Braira escuchaba embelesada aquellas palabras, que habían logrado hacerle olvidar sus incomodidades. Roma, Sicilia eran en su imaginación parajes lejanos, legendarios, poblados de criaturas fabulosas, totalmente fuera de su alcance. Nombres que despertaban por sí solos el deseo de aventura que alentaba en ella desde que tenía memoria. ¡Lo que daría por poder visitarlos, yendo de un lado para otro como esos frailes que conocían los más recónditos parajes!

Por otra parte, siempre había sentido curiosidad por cuestiones de índole política supuestamente alejadas de la frivolidad que habría debido centrar sus intereses, dada su condición de mujer. El poder le fascinaba desde que, siendo una niña, abriera los ojos a las brutales diferencias que separaban a los nobles de los villanos.

El poder, reservado a unos pocos privilegiados, era la puerta de acceso a todo aquello a lo que ella aspiraba, pues no pensaba conformarse con un destino vulgar. No. Ella era ambiciosa, quería volar más alto y, con empeño, lo lograría. Por eso se bebía la información que transmitía el anciano con la avidez del náufrago que descubre de pronto una fuente.

—¿Te encuentras bien? —interrumpió sus elucubraciones Beltrán, acercándose a ella al trote, desde atrás, con la cabeza cubierta por un aparatoso vendaje.

—¡Vaya susto me has dado! —se sobresaltó Braira.

—Lo lamento. No era mi intención.

—No importa. Estamos vivos, que no es poco.

—Debe de dolerte muchísimo... —insistió él, sinceramente apenado, señalando al rostro tumefacto de su compañera.

—Procuro olvidarme del dolor pensando en otras cosas.

—¿Como cuáles?

—Estaba escuchando lo que narraba ese fraile, Diego creo que se llama, sobre su periplo a Roma y su conversación con el papa.

—¿Tanto te interesa lo que diga ese impostor? Creía que eras una buena cátara. No sé cómo tu hermano ha aceptado que nos acompañen a Belcamino.

—¡Acaban de salvarnos!

—¿Y qué? El papa es nuestro enemigo.

—Precisamente por eso nos interesa conocer sus movimientos y, a ser posible, sus secretos. Pero en lo que estaba pensando, ya que quieres saberlo, era en los lugares que mencionaba el fraile. Sicilia, el Vaticano. ¡Cuánto me gustaría conocerlos algún día! La vida aquí es tan aburrida...

—Ten cuidado con lo que deseas, no vaya a ser que se cumpla —la pinchó Beltrán, enfadado por haber sido excluido de sus sueños.

—¡Ojalá! —zanjó Braira la conversación, acelerando el paso de su montura para alcanzar a Guillermo y los monjes, que habían trocado sus muías por corceles prestados con el fin de acelerar la llegada a casa de los dos heridos.

Fray Diego, que pese al cambio no parecía tener prisa, seguía desgranando tranquilamente su relato:

—Poco antes de morir de fiebres, la madre viuda de Federico puso a su pequeño bajo la protección de Inocencio, quien ahora intenta en vano convencerle de que se conforme con Sicilia y olvide el legado de su abuelo. Él, sin embargo, está empeñado en reclamar la corona del Sacro Imperio Romano Germánico, por lo que también éste se desgarra en luchas intestinas.
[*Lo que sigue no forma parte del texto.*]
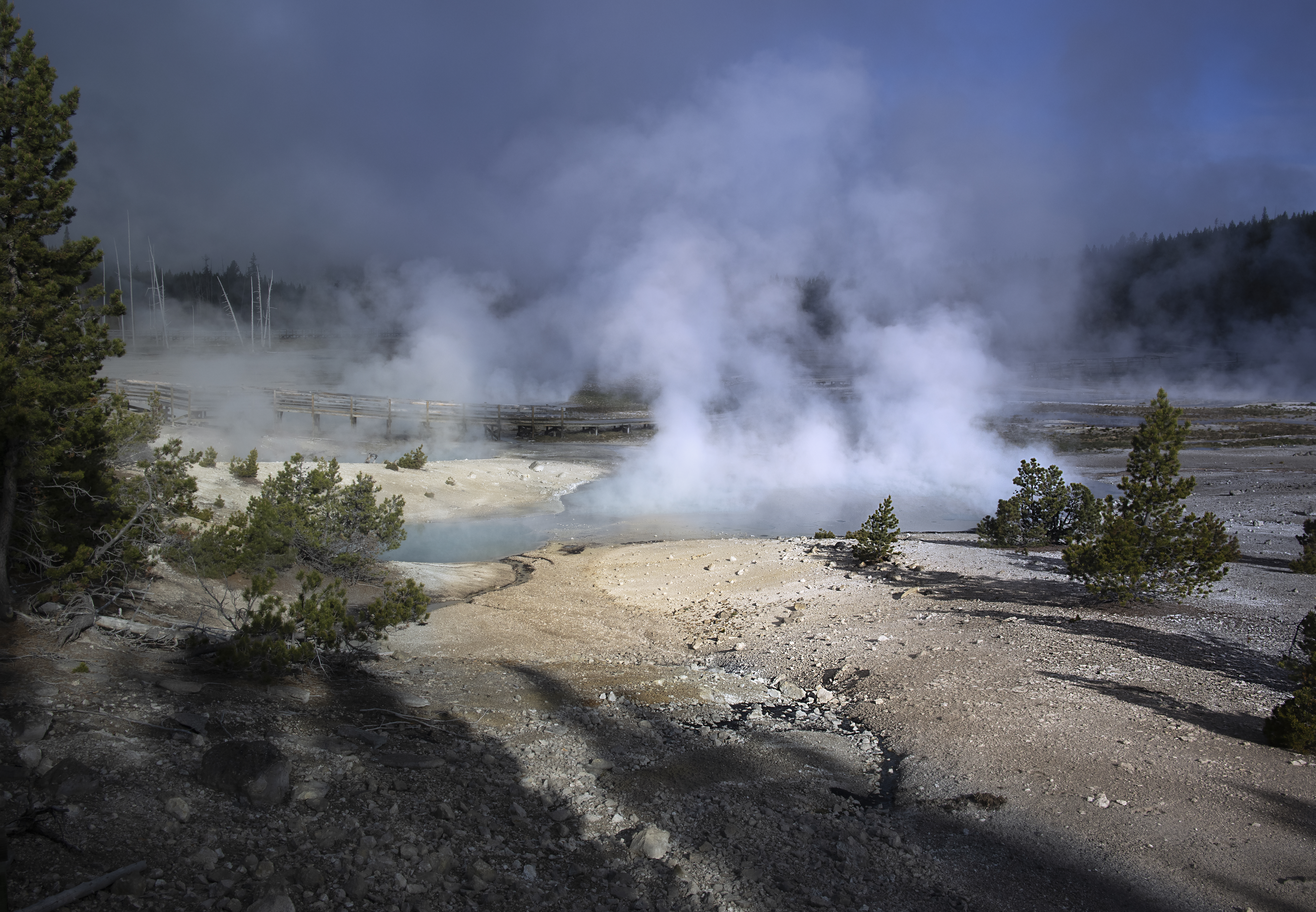 Download 9363x6488 trees, smoke, steam, lake, sources, nature wallpaper, background

Con tantos frentes abiertos, en lugar de enviarnos a las estepas heladas, su santidad nos ordenó contribuir a que la verdad del Señor sea restablecida aquí en Occitania sin tardanza, y en ello estamos.
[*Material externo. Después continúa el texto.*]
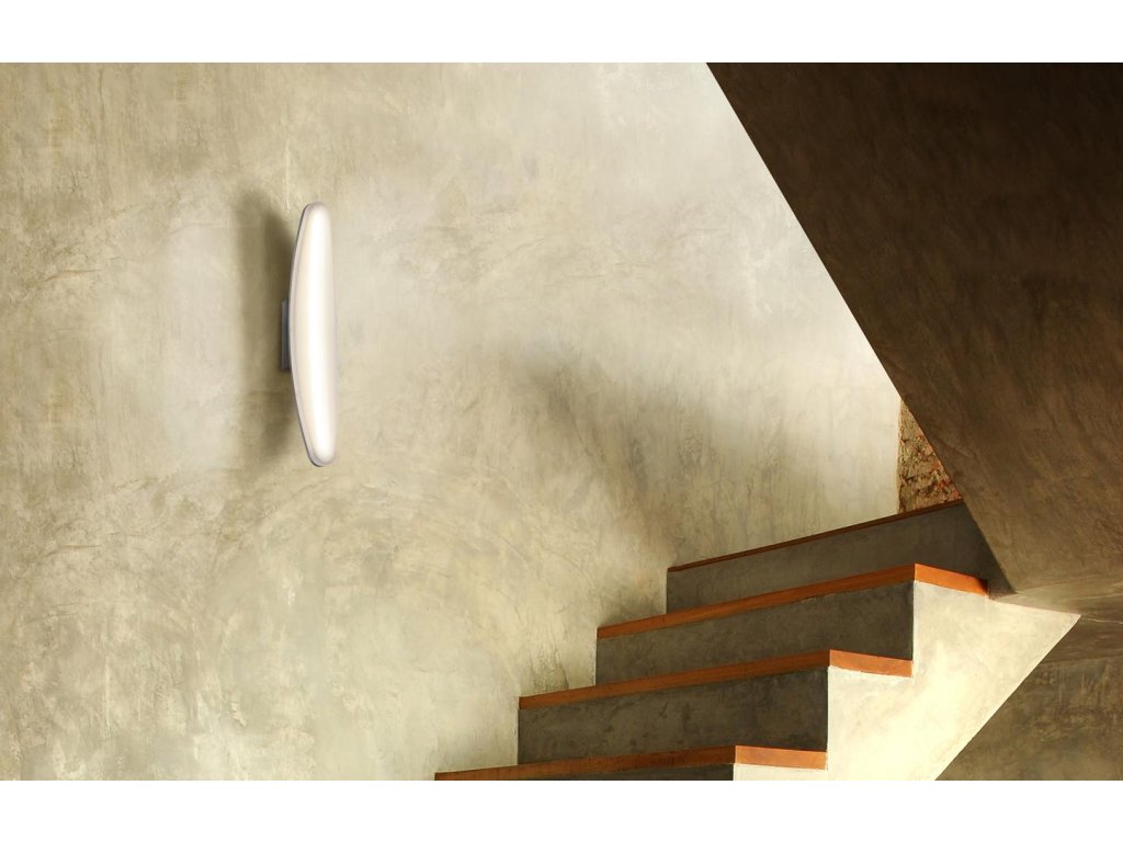 Designové nástěnné svítidlo je vyrobeno z hliníku a bílého akrylátu.

—No tenéis aspecto de legados papales —comentó Guillermo, sin descubrir su credo, recurriendo a la ironía para no parecer descortés—. Os faltan los sirvientes, los adornos, la púrpura que exhiben habitualmente tan ilustres dignatarios...

La joven De Laurac perdió entonces interés en la conversación, que abordaba derroteros archiconocidos para ella por haber sido discutidos hasta la saciedad en los salones de su castillo familiar, y al liberar su atención de la charla se fijó en Domingo, quién, a su vez, la había estado observando furtivamente durante largo tiempo. Justo hasta el mismo instante en el que tomó la palabra para rebatir lo que acababa de oír.

—Tenéis razón —concedió a Guillermo con autoridad.

Era la primera vez que hablaba y su voz correspondía exactamente a lo que cabía esperar de su rostro: ronca, profunda, convincente. Una voz capaz de capturar la atención de cualquiera fuera cual fuese la circunstancia. De hacerse oír en medio de una feria de ganado o de predicar en el silencio de una ermita, sin alterar el tono ni el volumen.